= Elisabeth R. Finch =

American television writer

Elisabeth R. Finch (born March 1978) is an American television writer best known for her work on the series True Blood and Grey's Anatomy.

Finch gained public notoriety for her abrupt resignation from Grey's Anatomy, which was prompted by an investigation into a series of lies that she told about her personal and medical history.

== Career ==
Finch began her career by writing a short film entitled Looking for My Brother, released in 2006. She was then hired as a writers' assistant on True Blood in 2008. She worked on True Blood until 2010 and was credited as a writers' assistant on 17 episodes, as an assistant to writers on five episodes, and as a writer on three episodes.

She wrote two episodes for the first and only season of No Ordinary Family, which aired on ABC from 2010 to 2011. In 2012 she began working on The Vampire Diaries and was credited as a story writer on six episodes, story editor on two episodes, and executive story editor on 15 episodes. Coworkers reportedly gave her the nickname "Vampire Girl" as a joke referencing the niche she had established working on True Blood and The Vampire Diaries during her early career.

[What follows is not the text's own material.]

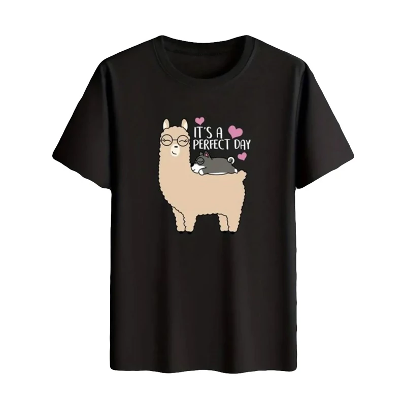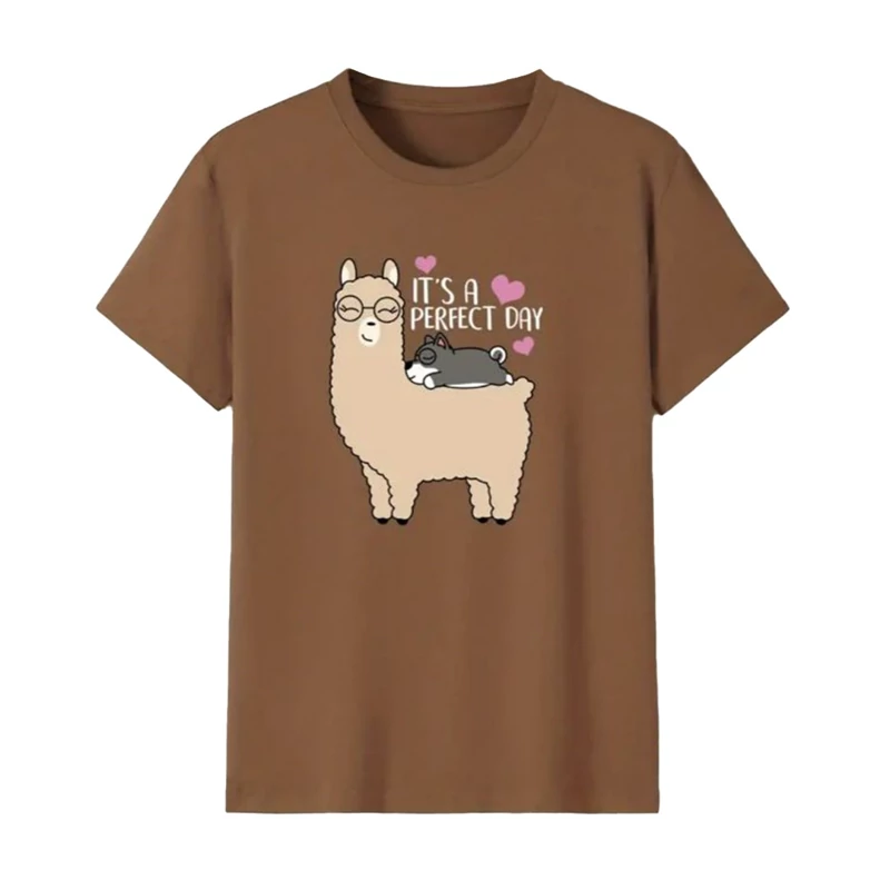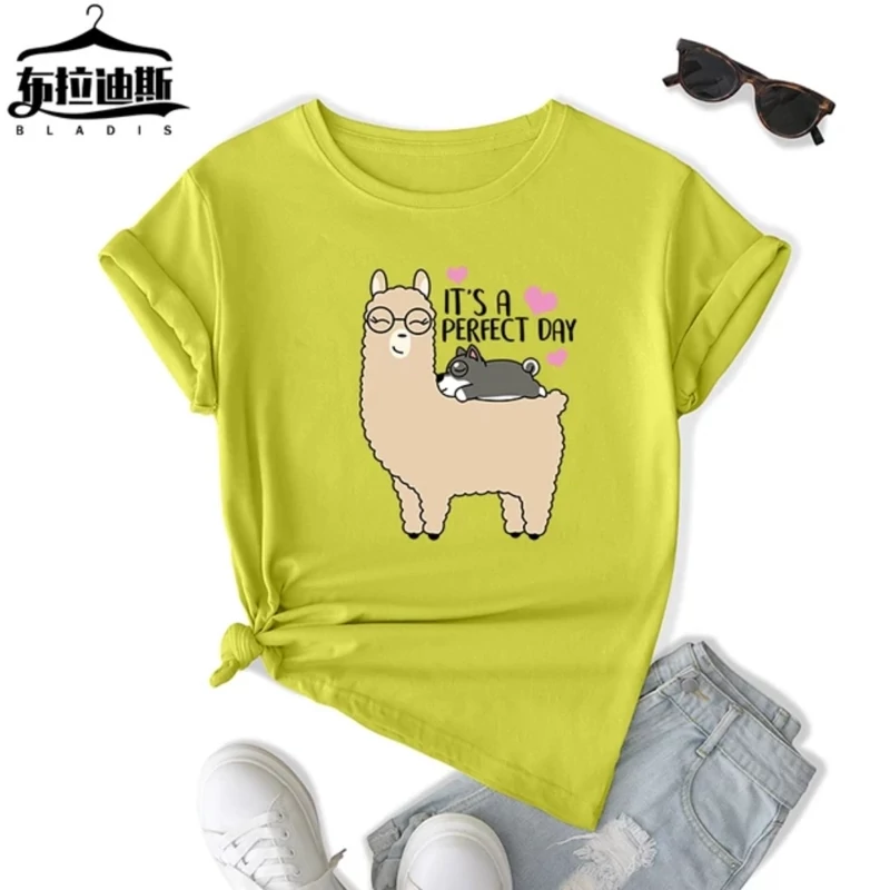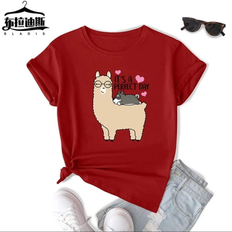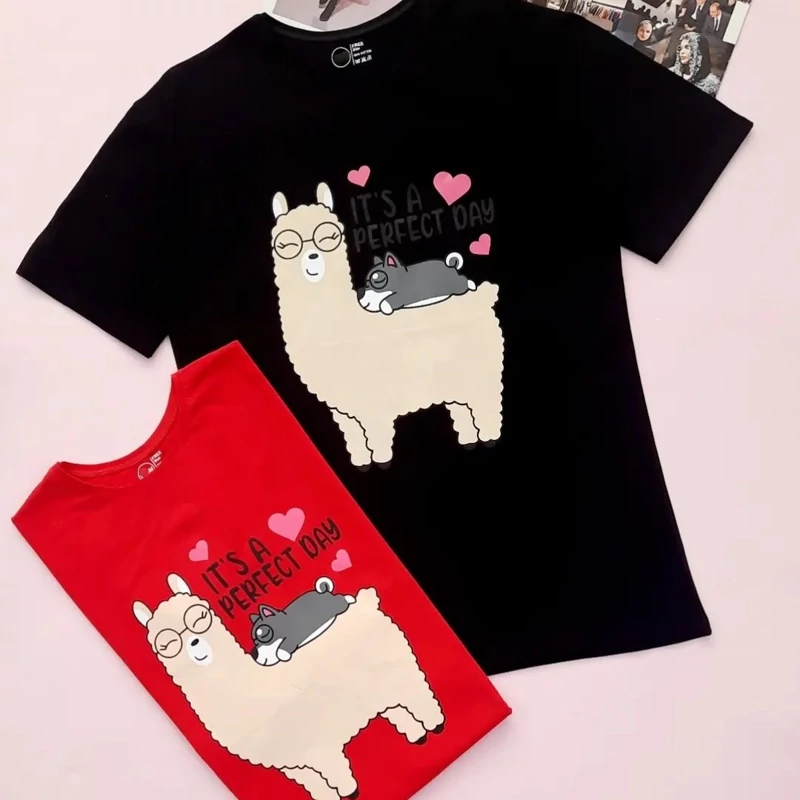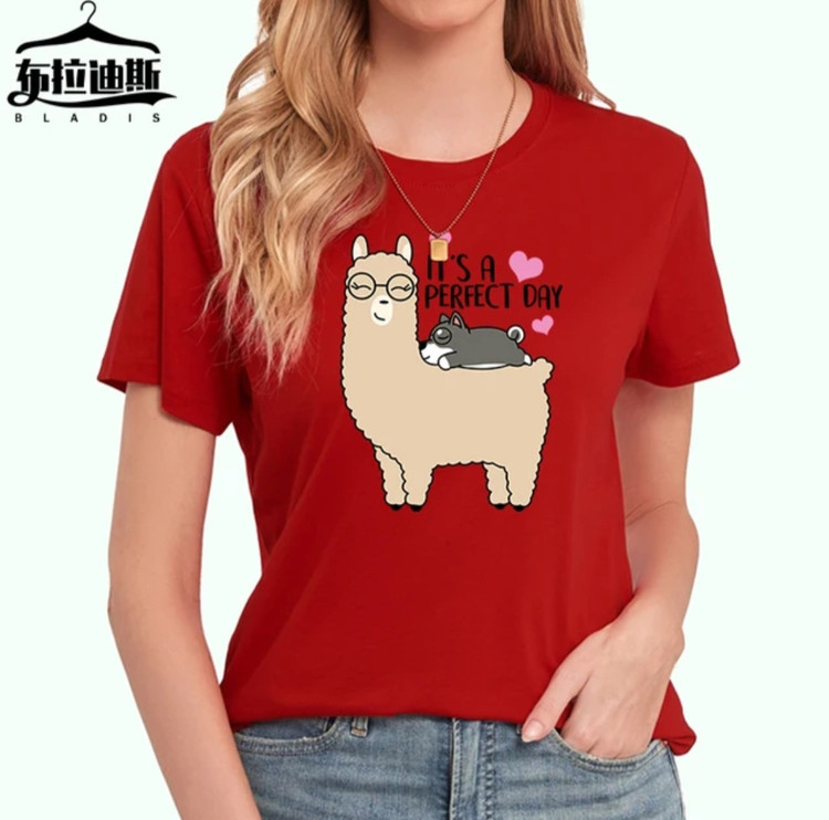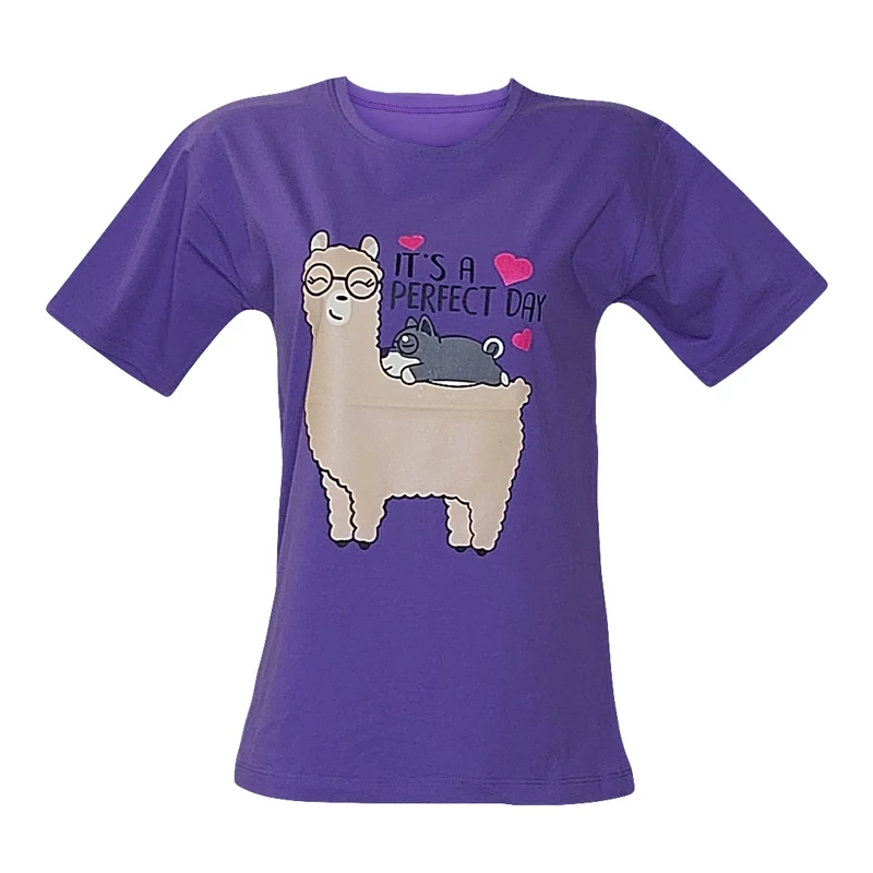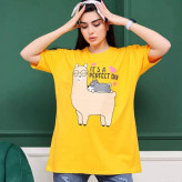تیشرت زنانه نخ پنبه طرح لاما

In 2015, Finch began working on Grey's Anatomy as a writer and producer. She wrote 13 episodes and produced a total of 172 episodes before she departed from the series. Finch was also a guest actor in the Grey's Anatomy season 15 episode "Silent All These Years", in which she played the role of Nurse Elisabeth. Finch was offered a position in the writers' room at Grey's Anatomy following the publication of a piece that she had written for Elle in 2014 about her diagnosis with chondrosarcoma and her experience working as a television writer while undergoing cancer treatments. It has been reported that the chondrosarcoma diagnosis and subsequent story arc of the character Dr. Catherine Avery, played by Debbie Allen, was inspired by Finch's supposed medical history.

== Controversy ==
Throughout her time working in the writers' room at Grey's Anatomy, Finch wrote a series of essays about her personal medical struggles in publications including Elle, The Hollywood Reporter, and Shondaland. In these articles, she shared stories about her purported diagnosis with chondrosarcoma (a rare bone cancer), having an abortion while undergoing chemotherapy, losing a kidney, and undergoing a knee replacement due to misdiagnosis. Finch's medical history was never verified by any of the publications and she confessed to her then-wife Jennifer Beyer that none of these stories were true when Beyer confronted her over some inconsistencies.

Finch had altered her appearance to appear sick while working on Grey's Anatomy and used stories about her medical diagnoses to gain accommodations at work, including deadline extensions and periods of absence. Finch also reportedly made allegations that her brother abused her as a child, that he died by suicide, and that she cleaned up the remains of a friend who was killed in the Tree of Life synagogue mass shooting.

In March 2022, it was reported that Disney, a Shondaland affiliate at the time, had opened an investigation into Finch's falsehoods. The investigation was prompted when Beyer contacted Disney and Shondaland with information that she had uncovered about Finch's past. During Disney's investigation, Finch refused to provide medical documentation or undergo an independent medical evaluation to substantiate her claims, and she was subsequently placed on administrative leave on March 17, 2022. Finch formally resigned shortly after and the investigation ended.

In December 2022, Finch released a formal statement confessing that she never had cancer. Finch also admitted that her brother had not died by suicide and is currently living in Florida.

In October 2024, Peacock released Anatomy of Lies, a three-part docuseries about Finch's career and controversy.